The locking required to keep the filesystem namespace consistent is
difficult and important, so I think changing it would require an
extremely careful description of the new design and a commitment from
some filesystem developers to actually take advantage of it....
--b.
> Of these I really like the second. Refining the i_mutex down to a
> per-name lock before calling in to the filesystem seems like a really
> good idea and should be good for scalability and large directories.
> It isn't something to be done lightly though. The filesystem would
> still be given i_mutex held, but would be allowed to drop it if it
> wanted to.

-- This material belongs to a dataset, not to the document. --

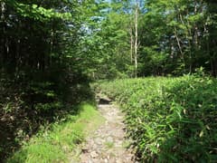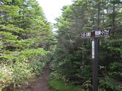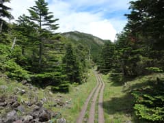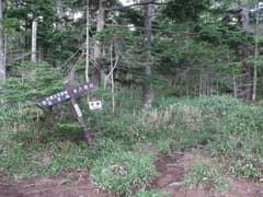 登山道に戻り、針葉樹林と笹原の緩斜面を進むと、未舗装の林道大河原峠線に出る。道標があり、右に行くと八千穂高原自然園・花木園に至る。左に進んで幅の広い登山道という感じで高原情緒のある林道をしばらく辿り、道標に従って右に分かれる登山道に入る。

We could have an FS_DROPS_I_MUTEX similar to the current
> FS_RENAME_DOES_D_MOVE.
>
> For the first, I really like the idea that a lock should not be held
> across calls the filldir. I feel that a filesystem doing that is
> "wrong" in much the same way that some think that recursing into the
> filesystem as nfsd does is "wrong". In reality neither is "wrong", we
> just need to work together and negotiate and work out the best way to
> meet all of our needs.
>
> So what should we do now? I think that for JFFS2 to drop and reclaim
> f->sem in readdir would be all of 20 lines of code, including updating
> a ->version counter elsewhere in the code. Replicating that in all
> the filesystems that need it would probably be more code than the nfsd
> change though.
>
> On the other hand, if we implement the nfsd change, it will almost
> certainly never go away, even if all filesystems eventually find that
> they don't need it any more because someone improves the locking
> rules in the VFS. Where as the code in the filesystems could quite
> possibly go away when they are revised to make better use of the
> locking regime. So I don't think that is an ideal situation either.
>
> If I had time, I would work on modifying the VFS to allow filesystems
> to drop i_mutex. However I don't have time at the moment, so I'll
> leave the decision to be made by someone else (Hi Bruce! I'll
> support whatever you decide).
>
> But I think it is important to understand what is really going on and
> not just implement a hack that works around the problem. I think I do
> understand now, so I am a lot happier. Hopefully you do too.